** To do **
Go through the listing and set it down exactly, leaving out its pictures.

▬▬▬▬▬▬

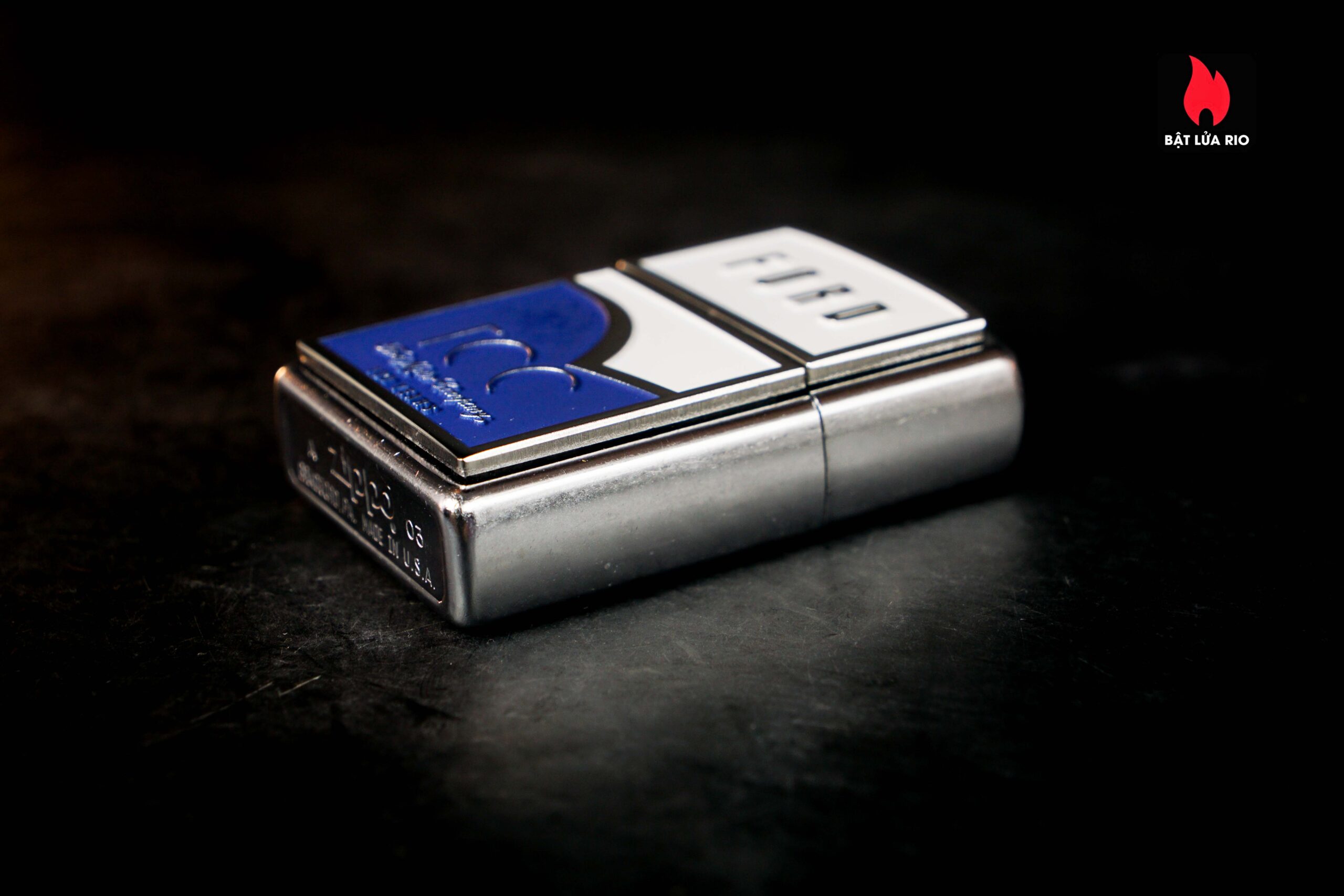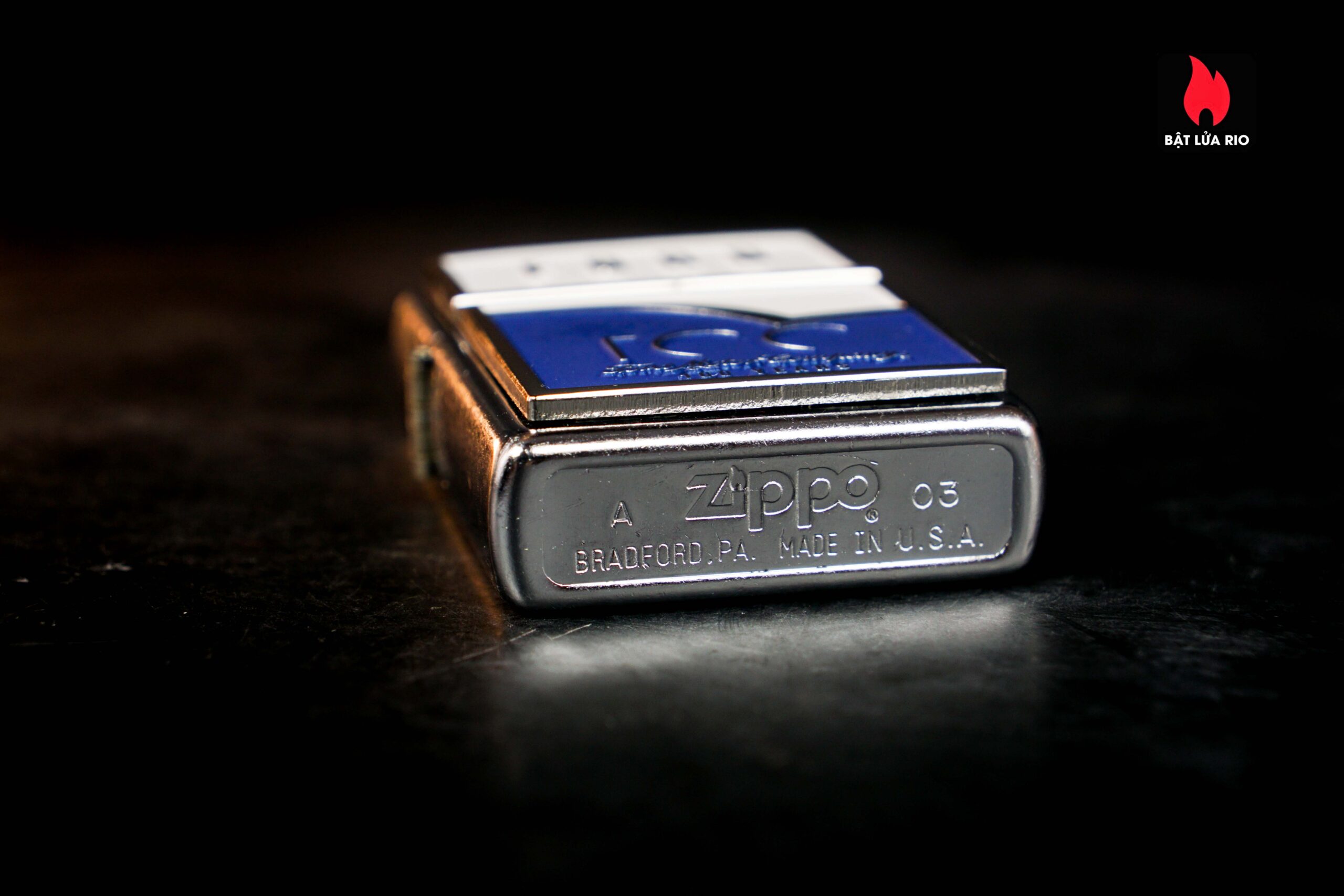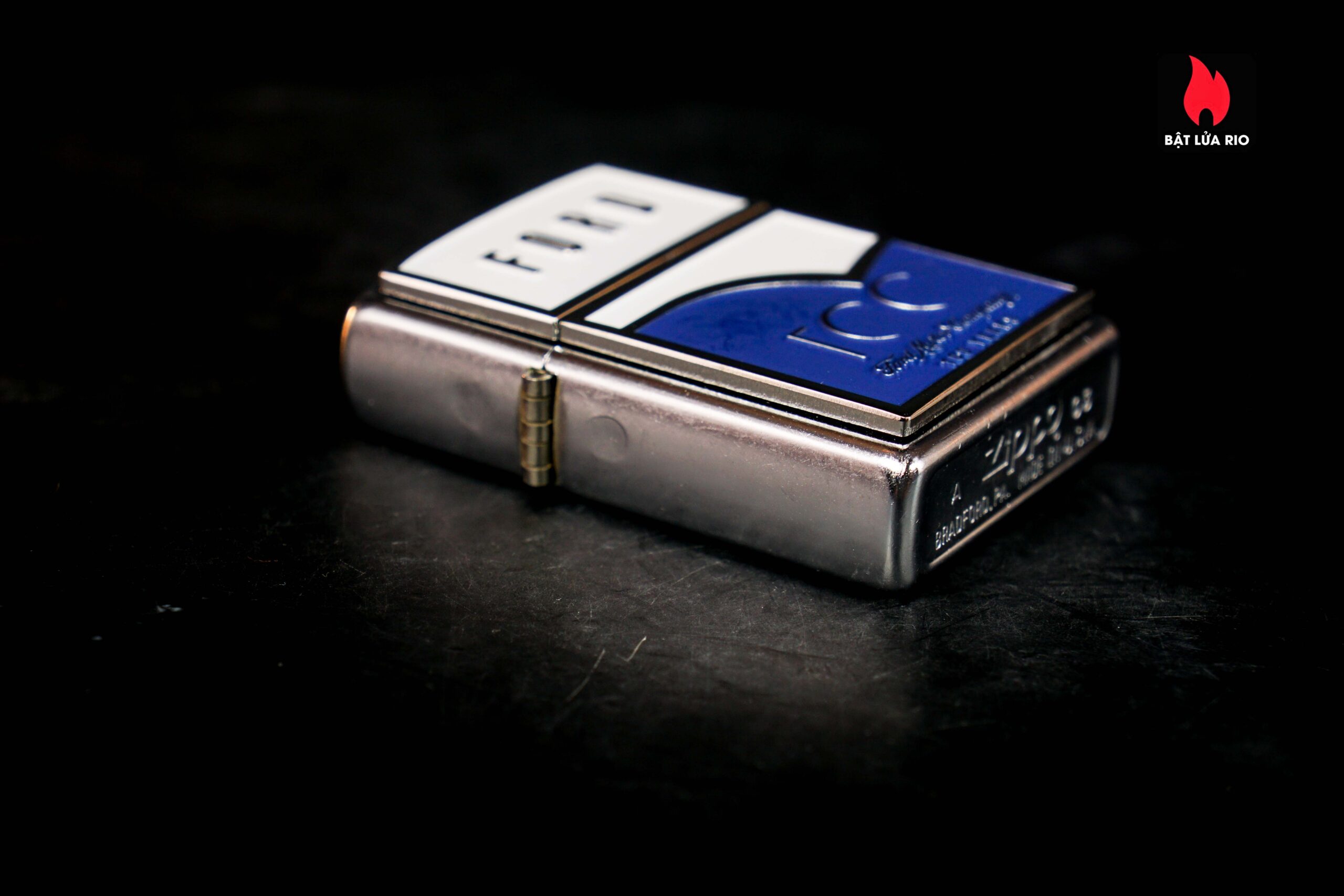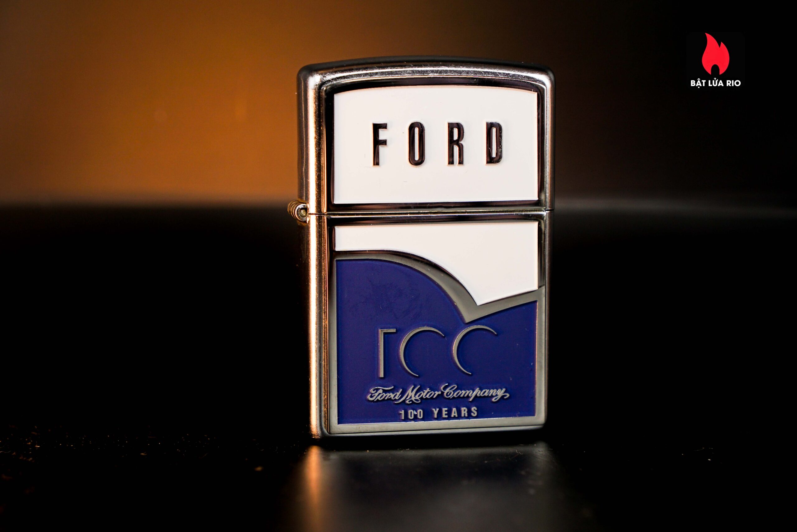 Zippo 2003 – Ford 100th – Blue & White Emblem Stress Chrome
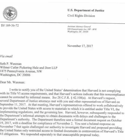 然而,一直到11月17日,在司法部致哈佛大学的信件中,司法部表示,哈佛大学采取了“拖延战术”,到目前为止连一分文件也没提供,态度非常不合作。
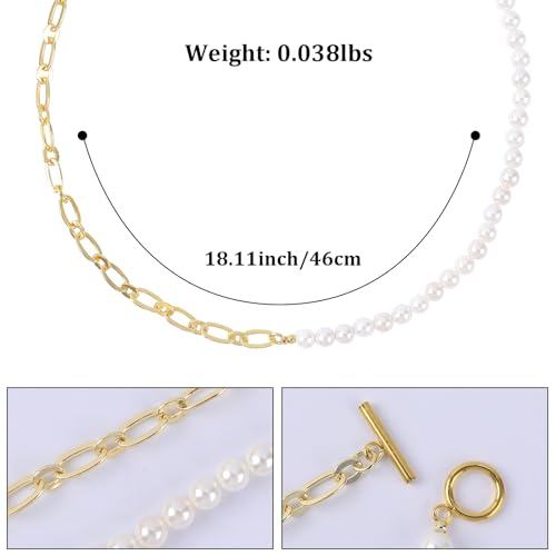 Pearl Necklace for Women Girls, Paper Clip Half Link Cross Disco Ball Pearl Chain Necklaces, Pearl Choker Chunky Necklace Dainty Pearl Chain OT Necklace Fashion Trendy Jewelry Birthday Gifts for Her 4
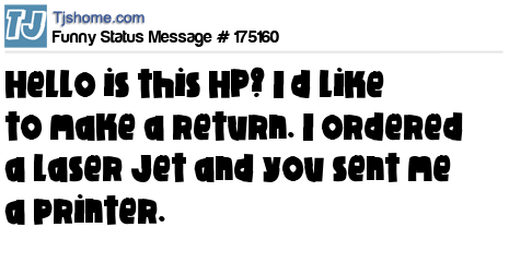 - # 147965 “Hello? HP? I’d like to make a return. I ordered a Laser Jet but you sent me a printer.”
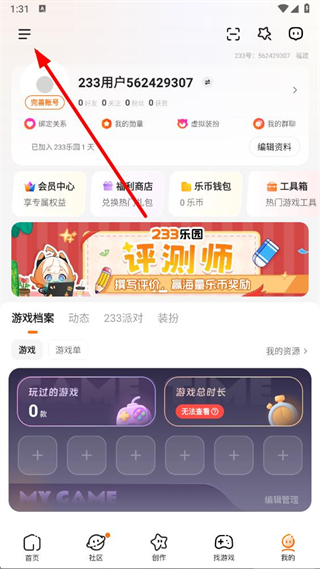 1、进入应用后,在个人页面点击界面左上角的菜单按钮,展开功能列表以查找后续操作入口。
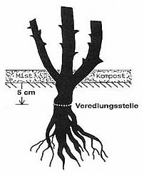 ca 5 cm in den Boden kommt. Rosenwurzel dürfen nicht umgebogen werden. Erde
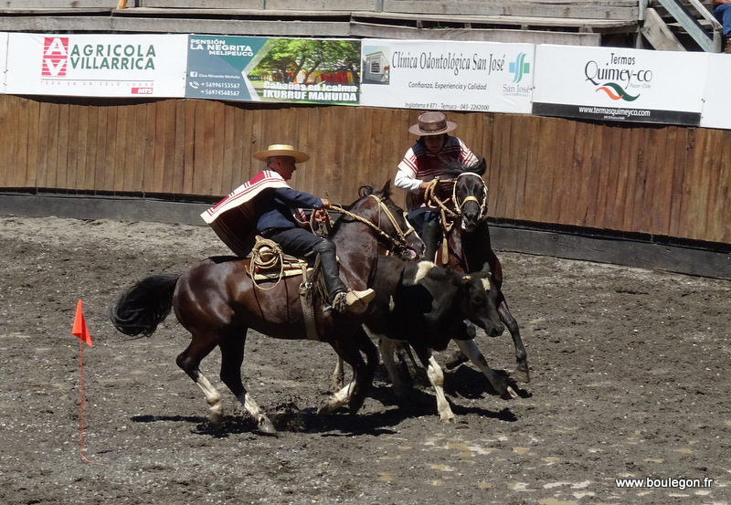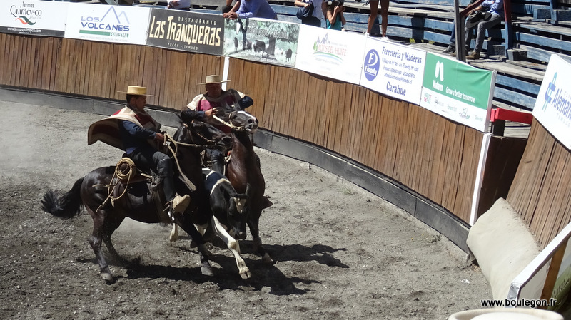 A Curarrehue, perdu au fond d'une vallée, nous trouvons l'arène où vont

▬▬▬▬▬▬

** Answer space **
 Zippo 2003 – Ford 100th – Blue & White Emblem Stress Chrome
 然而,一直到11月17日,在司法部致哈佛大学的信件中,司法部表示,哈佛大学采取了“拖延战术”,到目前为止连一分文件也没提供,态度非常不合作。
 Pearl Necklace for Women Girls, Paper Clip Half Link Cross Disco Ball Pearl Chain Necklaces, Pearl Choker Chunky Necklace Dainty Pearl Chain OT Necklace Fashion Trendy Jewelry Birthday Gifts for Her 4
 - # 147965 “Hello? HP? I’d like to make a return. I ordered a Laser Jet but you sent me a printer.”
 1、进入应用后,在个人页面点击界面左上角的菜单按钮,展开功能列表以查找后续操作入口。
 ca 5 cm in den Boden kommt. Rosenwurzel dürfen nicht umgebogen werden. Erde
 A Curarrehue, perdu au fond d'une vallée, nous trouvons l'arène où vont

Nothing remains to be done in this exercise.